En caso de que él se despierte para ir al baño, al volver a la cama descubre que ella se ha desplazado en tal forma que sólo queda libre una franja limítrofe. Se tiende ahí. Está acostumbrado a dormir de ese modo, sin moverse mucho.
Ella produce un ronroneo que debería ser arrullador, como suelen ser los suaves ritmos repetidos. Él la toca para ver si se calla. Ella se da la vuelta, dice “hielo” o “mazapán”, y sigue ronroneando.
En ocasiones, ella vuelve a despertar y a encender la luz. Él le dice “Miss Almoloya”, en alusión a la cárcel de máxima seguridad donde se duerme con la luz prendida. Ella no tiene el menor problema para dormir así. En rigor, no es alguien que se duerma, sino que se “queda dormida”. Todos los días, el sueño le llega por sorpresa, sin que le dé tiempo de apagar la luz.

Cuando no puede dormir, él piensa que debería leer. Le gusta hacerlo pero no en ese momento. Prefiere pensar pero en nada importante.

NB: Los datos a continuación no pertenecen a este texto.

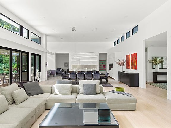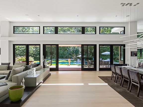 Rental Registration #: # 21-1154 Gated, private, newly constructed sanctuary, situated on two sun kissed acres. Enter through the automatic gates that lead you to a two car garage. Notice the quality of the build as soon as you walk up to the stone and wood exterior. Upon entering the large glass doors of the foyer, you'll notice the perfect symmetry highlighted by the morning sun peaking through the glass and metal frame rear exterior of the house that showcases the grounds designed for relaxing. The living room has a fireplace with large L shaped sofa and a glass corner that creates a perfect frame for the manicured landscaping. On the opposite side sits the chefs kitchen, with a breakfast bar, dining room, and built in breakfast nook. These connected rooms have sliders that open to the covered deck with patio dining, grill, and fans for warm summer nights. The L shaped pool has two lounge chairs built in a soaking section with an umbrella. The first floor primary suite has a walk in closet, glass sliders leading outdoors, exquisite minimalist master bathroom with oversized double stall shower. Bonus living room, office, hidden butler's kitchen with washer/dryer, and two en-suite guest bedrooms with a connected deck complete the first floor. The lower level has an entertainment area, a gym, two en-suite bedrooms, and an additional washer/ dryer. A Must see. This location is convenient to East Hampton Village and Sag Harbor Village. Live in this private sanctuary with the convenience of the village and beaches.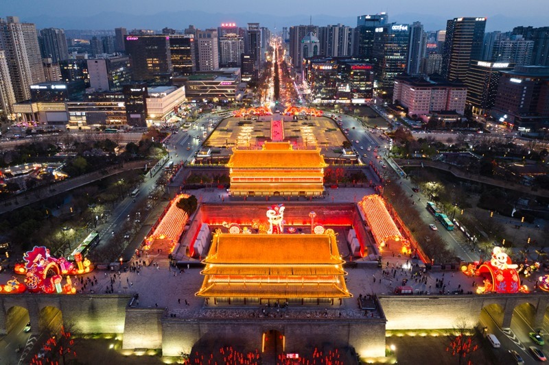 西安南門商圈夜景(3月19日攝,無人機照片)。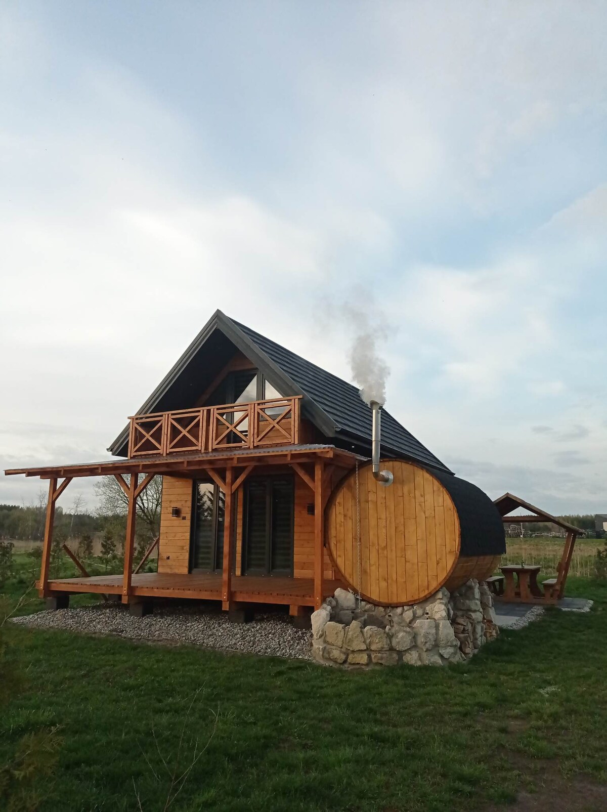 Nous proposons un chalet en bois de huit personnes situé à Łaszczówka, 22-600 Tomaszów Lubelski. Il y a deux chambres, une chambre d'amis et deux salles de bain. Il y a un salon avec une télévision et une kitchenette. La propriété dispose de deux climatiseurs, d'une connexion Wi-Fi, d'une terrasse et d'un balcon. À l'extérieur, il y a un kiosque, un barbecue, une balançoire et une pyramide énergétique. Un sauna et un jacuzzi sont disponibles moyennant des frais supplémentaires. Nous avons des expériences comme un mini billard/baby-foot/cymbergaj. Des vélos peuvent être loués. Bienvenue !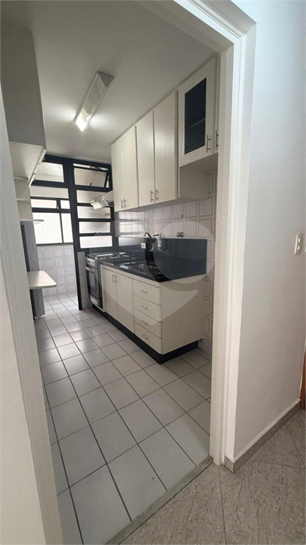 A cozinha é funcional e bem planejada, totalmente equipada com armários sob medida, fogão de quatro bocas e integração com a sala por meio de um prático passa-pratos.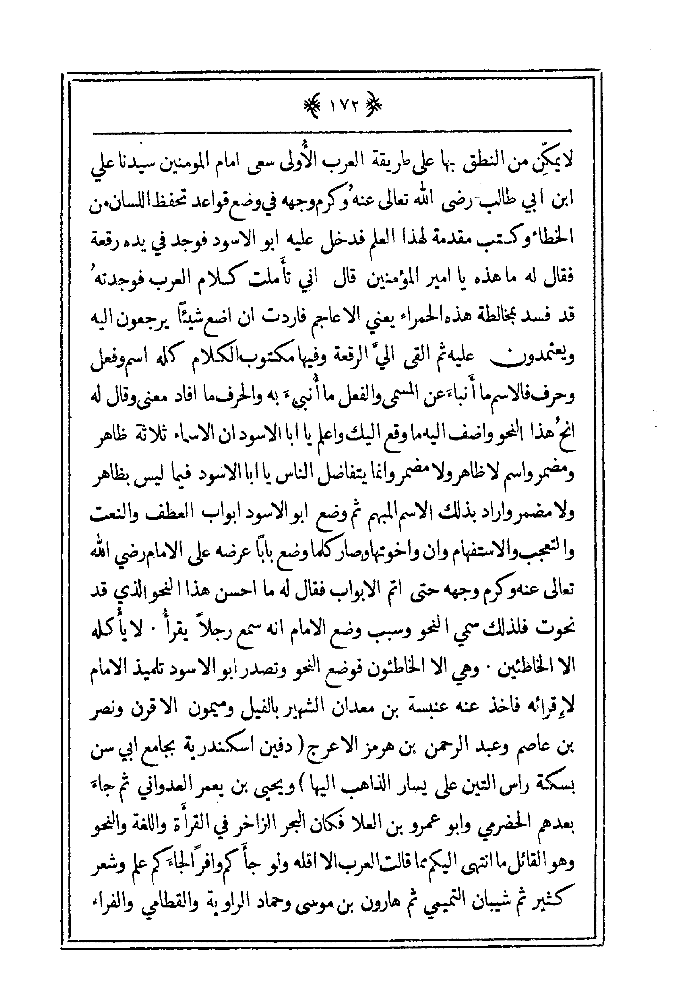 لا يمكن من النطق بها على طريقة العرب الأولى سعى إمام المؤمنين سيدنا علي أبن أبي طالب رضي الله تعالى عنه وكرم وجهه في وضع قواعد تحفظ اللسان من الخطأ وكتب مقدمة لهذا العلم فدخل عليه أبو الأسود فوجد في يده رقعة فقال له ما هذه يا أمير المؤمنين قال إني تأملت كلام العرب فوجدته قد فسد بمخالطة هذه الحمراء يعني الأعاجم فأدرت أن أضع شيئاًَ يرجعون إليه ويعتمدون عليه ثم ألقى إلي الرقعة وفيها مكتوب الكلام كله اسم وفعل وحرف فالاسم ما أنباء عن المسمى والفعل ما أنبئ به والحرف ما أفاد معنى وقال له انح هذا النحو و؟ أضف إليه ما وقع إليك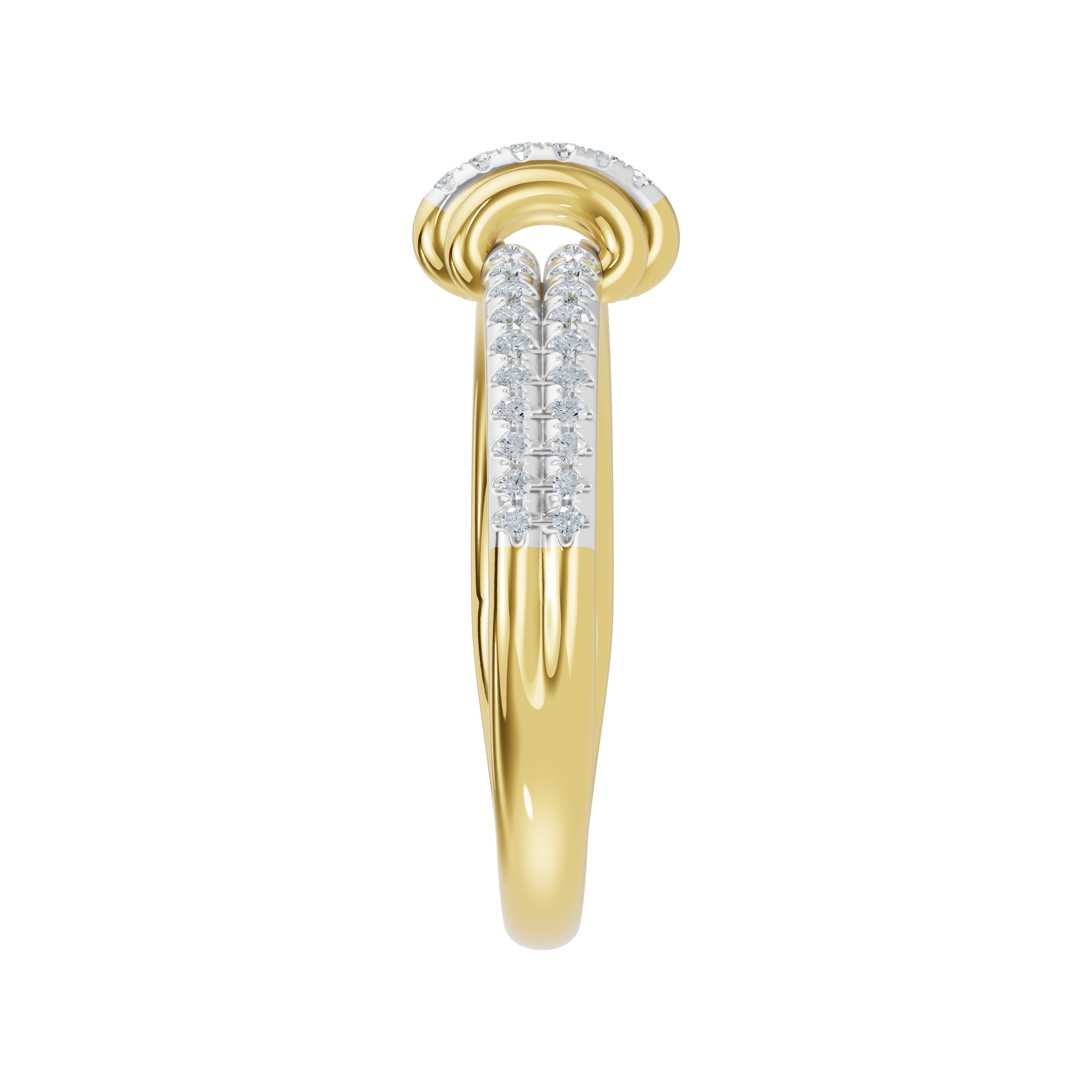 Pierścionek zdobi aż 46 brylantów o łącznej masie 0,18 ct, o szlifie brylantowym, czystości GH-SI2. Starannie oprawione kamienie mienią się przy każdym ruchu, dodając całości luksusowego uroku.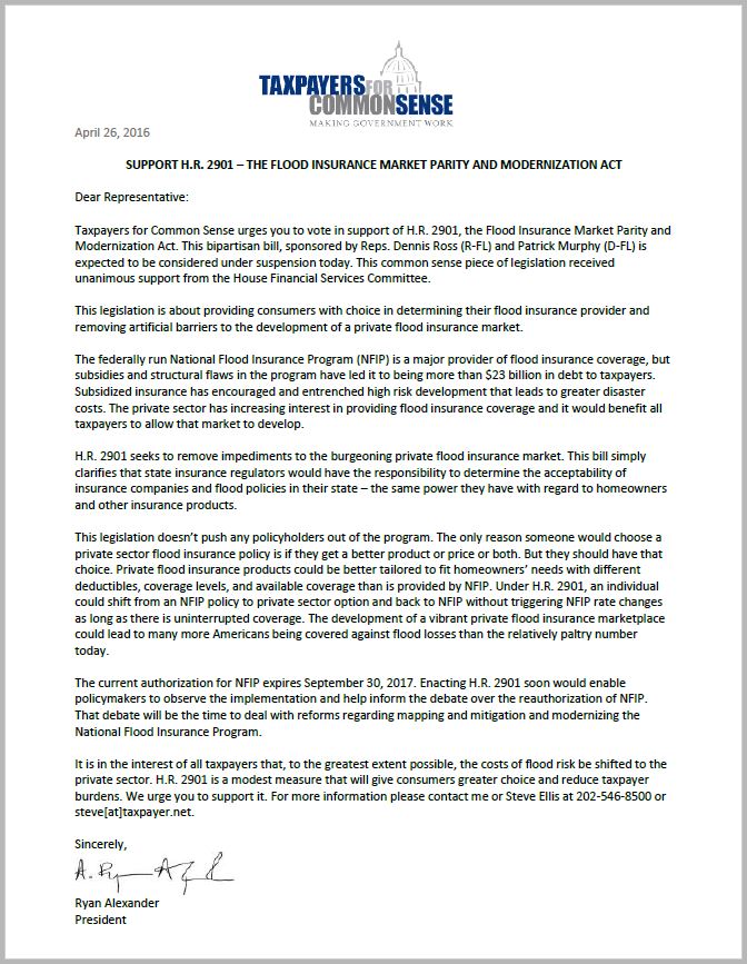 On Tuesday, TCS sent a letter to the House of Representatives voicing its strong support for H.R. 2901 – the Flood Insurance Market Parity and Modernization Act – and encouraging Members to pass the bill when it comes up for a vote. The bipartisan bill sponsored by Reps. Dennis Ross (R-FL) and Patrick Murphy (D-FL) would simply remove obstacles for a budding private flood insurance market. Doing so would provide consumers with greater choice when buying flood insurance, and could potentially lessen the liability taxpayers bear through the National Flood Insurance Program. The full text of the letter is provided below:

Imagina cosas que no sean ni buenas ni malas para dormir en calma. A veces se pregunta si en verdad tendría algo importante en qué pensar. ¿Hay una idea profunda que le produzca insomnio? Le preocupa no dar con eso. Tal vez sólo se ocupa de temas menores porque no se le ocurre algo superior.
Con luna llena o cerca de las montañas, él no puede dormir. Esta limitación podría estar prestigiada por el magnetismo y la influencia telúrica, pero nadie se ha interesado en ella. Él se considera bastante singular por este defecto, lo mismo que por su tendencia a detener los relojes pulsera. Hay algo misterioso en su interior -un peculiar drama alpino-, pero no ha logrado que ella lo considere misterioso, al menos no por eso.

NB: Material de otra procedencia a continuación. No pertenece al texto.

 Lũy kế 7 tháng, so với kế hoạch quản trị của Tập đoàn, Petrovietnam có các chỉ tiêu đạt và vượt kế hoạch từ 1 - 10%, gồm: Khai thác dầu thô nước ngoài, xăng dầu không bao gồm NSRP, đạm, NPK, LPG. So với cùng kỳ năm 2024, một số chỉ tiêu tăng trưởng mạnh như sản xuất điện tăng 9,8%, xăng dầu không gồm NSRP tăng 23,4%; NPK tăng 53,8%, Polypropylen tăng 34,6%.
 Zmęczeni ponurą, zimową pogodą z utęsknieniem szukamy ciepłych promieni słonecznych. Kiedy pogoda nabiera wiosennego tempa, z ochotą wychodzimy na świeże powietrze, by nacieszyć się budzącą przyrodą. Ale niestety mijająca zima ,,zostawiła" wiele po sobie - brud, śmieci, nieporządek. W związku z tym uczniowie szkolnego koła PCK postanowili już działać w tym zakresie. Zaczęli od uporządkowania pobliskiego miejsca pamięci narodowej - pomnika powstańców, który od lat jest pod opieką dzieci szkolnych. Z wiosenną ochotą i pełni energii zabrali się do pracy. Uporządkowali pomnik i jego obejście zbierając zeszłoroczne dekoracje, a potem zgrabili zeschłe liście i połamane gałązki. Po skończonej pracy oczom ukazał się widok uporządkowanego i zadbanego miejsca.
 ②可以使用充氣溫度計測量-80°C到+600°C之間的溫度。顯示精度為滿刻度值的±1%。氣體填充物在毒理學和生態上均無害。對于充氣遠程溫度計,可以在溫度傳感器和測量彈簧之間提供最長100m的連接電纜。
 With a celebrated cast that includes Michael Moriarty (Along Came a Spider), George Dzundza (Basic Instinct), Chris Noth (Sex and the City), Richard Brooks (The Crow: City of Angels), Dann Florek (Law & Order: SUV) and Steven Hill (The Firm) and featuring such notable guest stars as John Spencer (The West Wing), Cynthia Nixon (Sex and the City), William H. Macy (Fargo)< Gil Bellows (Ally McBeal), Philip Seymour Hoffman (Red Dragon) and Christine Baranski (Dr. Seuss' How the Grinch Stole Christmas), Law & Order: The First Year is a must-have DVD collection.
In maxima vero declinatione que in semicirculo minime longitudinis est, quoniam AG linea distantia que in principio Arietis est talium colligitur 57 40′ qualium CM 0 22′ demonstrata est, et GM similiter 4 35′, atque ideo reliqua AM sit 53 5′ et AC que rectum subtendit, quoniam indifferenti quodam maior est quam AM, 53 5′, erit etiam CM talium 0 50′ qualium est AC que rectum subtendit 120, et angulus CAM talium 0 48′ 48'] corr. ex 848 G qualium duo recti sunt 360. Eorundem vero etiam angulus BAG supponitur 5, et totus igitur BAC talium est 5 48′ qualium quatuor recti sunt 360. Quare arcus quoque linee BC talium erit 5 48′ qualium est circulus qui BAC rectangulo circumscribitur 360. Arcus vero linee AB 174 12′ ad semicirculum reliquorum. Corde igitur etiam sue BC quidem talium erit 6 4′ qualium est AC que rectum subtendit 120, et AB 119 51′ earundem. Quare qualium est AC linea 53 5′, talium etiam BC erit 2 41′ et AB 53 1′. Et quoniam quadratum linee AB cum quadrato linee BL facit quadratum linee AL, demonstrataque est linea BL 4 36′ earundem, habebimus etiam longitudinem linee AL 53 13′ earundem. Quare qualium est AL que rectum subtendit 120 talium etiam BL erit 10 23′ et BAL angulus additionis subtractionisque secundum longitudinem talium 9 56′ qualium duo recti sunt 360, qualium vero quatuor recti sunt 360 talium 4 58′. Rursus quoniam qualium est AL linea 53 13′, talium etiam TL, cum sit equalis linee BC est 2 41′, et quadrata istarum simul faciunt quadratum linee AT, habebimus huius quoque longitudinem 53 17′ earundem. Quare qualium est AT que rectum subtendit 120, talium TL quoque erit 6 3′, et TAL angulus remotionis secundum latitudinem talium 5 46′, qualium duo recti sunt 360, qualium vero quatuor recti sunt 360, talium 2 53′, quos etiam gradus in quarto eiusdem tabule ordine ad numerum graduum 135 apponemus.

En las horas que pasa en vela, él redacta imaginarias cartas para los periódicos. Argumenta sus quejas con gran exactitud. A las cinco de la mañana siempre tiene razón.
Nunca apunta las ideas que se le ocurren en la vigilia porque sospecha que si no las recuerda no valen la pena. Al día siguiente las recuerda, y no valen la pena.
A veces se distrae recordando los hábitos nocturnos de una mujer que conoció en otro tiempo, o acaso en una película, para ganar independencia respecto a la que vuelve a reír a su lado por un autor muerto hace trescientos años, pero le cuesta evadirse. Un pie toca de pronto el suyo o un mosquito aporta su zumbido.
Durante los ratos en los que ella no lo deja dormir, él piensa en cualquier cosa hasta que “pensar” se convierte en una manera de ser haragán. Dice algo para indicar que está despierto y que eso no le importa. Él la acaricia o ella lo acaricia, a esas horas da lo mismo.
Poco después, ella se vuelve a dormir con la luz prendida. Él se levanta, apaga la lámpara, tropieza con la pantufla, rodea la cama con excesiva parsimonia y reflexiona en lo que ella habrá leído. Cierra los ojos y sabe que dormirá pronto.
Al día siguiente resulta que pasaron buena noche. Si no durmieran de ese modo, no podrían dormir.